Desde que conozco tu obra, exceptuando estos primeros fanzines y la pintura, parece que siempre tiendes al dibujo digital, sobretodo al dibujo con Paint o al pixel art. ¿Hay algun motivo concreto por el que prefieres este formato?

— Sí, hay algún motivo. A mí me gusta llamarlo hipnosis. En algún momento de los 90 me quedé hipnotizado con el Paintbrush del Windows 3.1 o 3.11, no recuerdo muy bien… También me quedé hipnotizado con el Autodesk Animator. Cogía el ratón y empezaba a hacer y arrastrar clicks mientras me reía por dentro. Creo que la última vez que lo hice fue hace pocas semanas. Eso sí, con un programa mucho más moderno, el Paint (en diferentes versiones, pues tengo varios PCs viejos). Las tipografías de los Paint son obras de arte con las que jugar, a disposición de cualquier usuario; y la interfaz de dibujo es como tener un boli de esos de colores, un montón de pinceles (bote de pintura incluido), paletas de varios tamaños y, aparentemente, infinitos lienzos blancos. Con precaución, recomiendo que lo prueben.

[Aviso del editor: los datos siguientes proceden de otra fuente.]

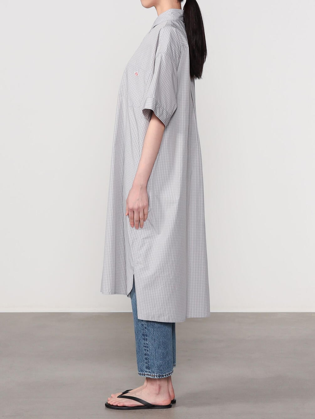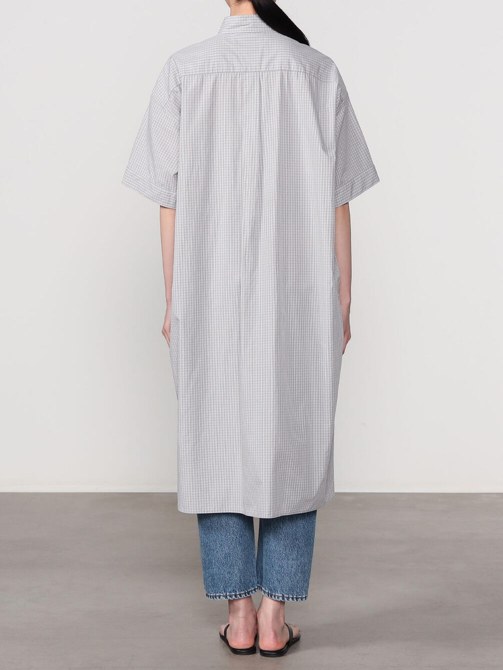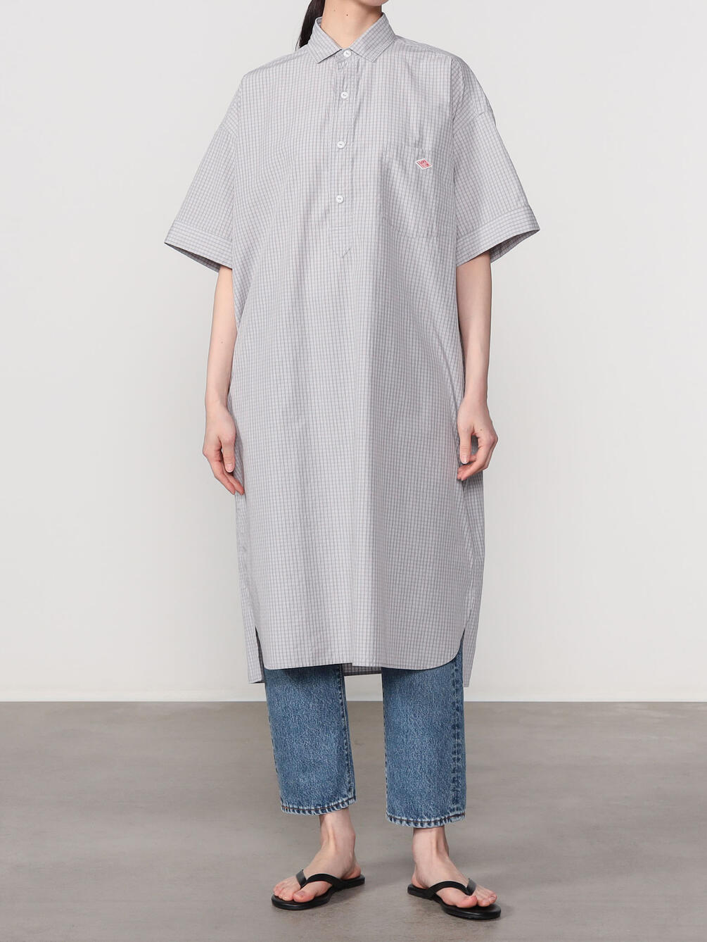 - プルオーバー型の半袖シャツワンピース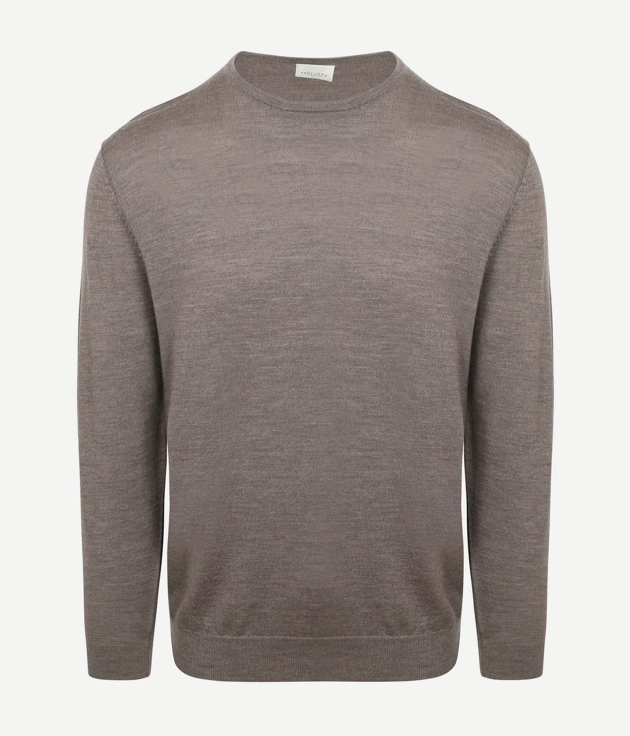 Ontdek de tijdloze klasse van deze taupe merinowollen pullover van Profuomo. Het luxueuze materiaal biedt ultiem comfort en een verfijnde uitstraling. De moderne pasvorm creëert een stijlvolle look die moeiteloos te combineren is. Ga voor een smart-casual outfit en draag deze pullover met een donkerblauwe chino en leren schoenen van Profuomo.

Entrando en PELIS DE AMOR, ¿cómo escogiste las diez películas que conforman el libro?

— La pregunta delicada… Así, en plan resumen, se podría decir que con cambios de estado de ánimo, ideas sobre distintos tipos y sensaciones de amor, el jodido desamor y ganas de reír. Y recuerdos de pelis. Digamos que la primera, TELMA Y LUIS, fue una especie de descripción exacta de lo mejor que sentía en aquel momento. Luego, días o semanas después, en Amsterdam, empecé a hacer las otras en cadena y del tirón, ji, ji.

¿Puedes explicar como es el proceso creativo que sigues desde que escoges una película hasta que la materializas en cinco páginas dibujadas con Paint?

— Pues mira, en el caso de PELIS DE AMOR hice unos croquis para cada película en una libreta con un Pilot. Con detallitos, pero con un trazo muy desmadre, muy garabato, confiando en mi memoria. Procedí a pasarlo a Paint y no cambió mucho. Fue un poco como pulir escritura automática de esa de posesiones. Y, en la mayoría o todas las pelis, el pulimiento lo hice de noche, tarde, tarde, al lado de la chimenea, con mi gato Marcel y tomando tés al estilo de Sri Lanka. Hubo, eso sí, una parte de documentación que consistió en googlear imágenes de alguna peli para revisar el vestuario de algún de personaje. Así rollo rigor, claro.

Lo más alucinante del libro, además de lo absolutamente cafre, directo y divertido que es, me parece el color. Parecerá broma, pero esta forma de colorear los fondos de todas las páginas y de fragmentar el libro a través de diversas paletas para dotarlo de ritmo y secuenciar la narrativa me recordó a la obra maestra Por culpa de una flor, de María Medem. ¿Cómo has trabajado el color para este proyecto?

— Gracias, gracias one more time.  A veure, en los dichosos croquis que creo haber medio explicado en la anterior pregunta, uno de los detallitos era poner opciones de color. Al pulirlos, una de las primeras fases era probar la combinación de colores del título de la peli, el perfil de las viñetas y el fondo. Y supongo que, al tener tan vistos los colores del Paint, los conozco como la gente que conoce los coches por el ruido del motor, los pájaros por su canto y esas cosas…

Ahora mismo, ¿tienes entre manos algún otro proyecto? ¿Qué es lo siguiente?

— Me gustaría ir a pintar muñequitos, monstruitos, waifus, Niños Dios y demonios a la Sagrada Família, pero todavía no sé muy bien cómo hacerlo. Eso es como a largo plazo. Así más tipo próximamente, estoy trabajando bien duro en unas recopilaciones de cuentos (Monstruos de la música, por ejemplo), en editar poemas para proyectarlos y cualquiera de los trabajos de los muchos que hago en el dichoso PLANET B1.